SInce last month, our Nexenta based storage cluster has been deployed and I have now moved production data onto it.

A bump and bruise occurred last weekend (I had done an announcement already) and yesterday things burped again.

The problem? Looks like an issue with the 2 mirrored boot drives of the first head unit (each head manages its own volumes and HA is used to make sure a single head failure doesn’t cause an outage) are … bad.

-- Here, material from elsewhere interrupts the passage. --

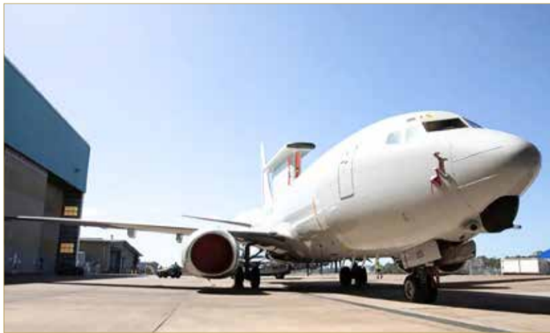
طائرة بوينغ E-7 ويدجتايل وهي طائرة إنذار مبكر وتحكم محمولة جواً

تعد شركة CASIC، وهي الوافد الجديد إلى المراكز الثلاثة الأولى لهذا العام، المجموعة الرائدة في مجال تكنولوجيا الصواريخ والفضاء في الصين. مع 38.7 مليار دولار من إيرادات الدفاع ومن إجمالي مذهل قدره 120.9 مليار دولار، تعكس شركة CASIC استثمارًا كبيرًا مستمرًا في القدرات الفضائية

One drive has full on SMART failure via the BIOS. Interesting…so replace that drive with another from the shelf…and the other drive is showing something ‘odd’. Yank it out, replace it, and move it another machine for testing.

And it is failing as well! Four hard disks, 2 per head unit, and 2 fail in one head unit, what are the chances of that? (the second head unit does not exhibit any of the same symptoms)

Now how do failing boot drives really cause problems? I don’t know, but if a scrub is started on the boot volume (with the bad disks), the system has intermittent stalls causing a delay in I/O to the NFS mounted volumes.

VMware ESX handles this gracefully but some older editions of operating systems don’t like to wait on I/O to complete. FreeBSD 6-STABLE (where 6.x and x > 2) is not doing so well here, while 7-STABLE and 8-STABLE are doing great. Ubuntu 8.04 and 10.04 also weathered the issue just fine, and one Windows Server 2003 system was burping, the rest of the Windows Server based systems were unaffected.

Very frustrating to find this issue and quite difficult to track down.

Log entries from the VMware virtuals helped immensely but correlating things took a bit to see that the issue was coming from that head unit, then to find what was wrong with the head unit took even more time.

Now the issue is resolved and I’ll need to rebuild the now ‘bad’ head unit with new disks (I don’t trust the data on the replacement disks right now as there were multiple problems on the previous drives) and bring it fully back into the cluster.

Statement: Nexenta is not at fault at all, only mentioned because that is what we are using, the issue is hardware and not software and no blame should be attributed to Nexenta.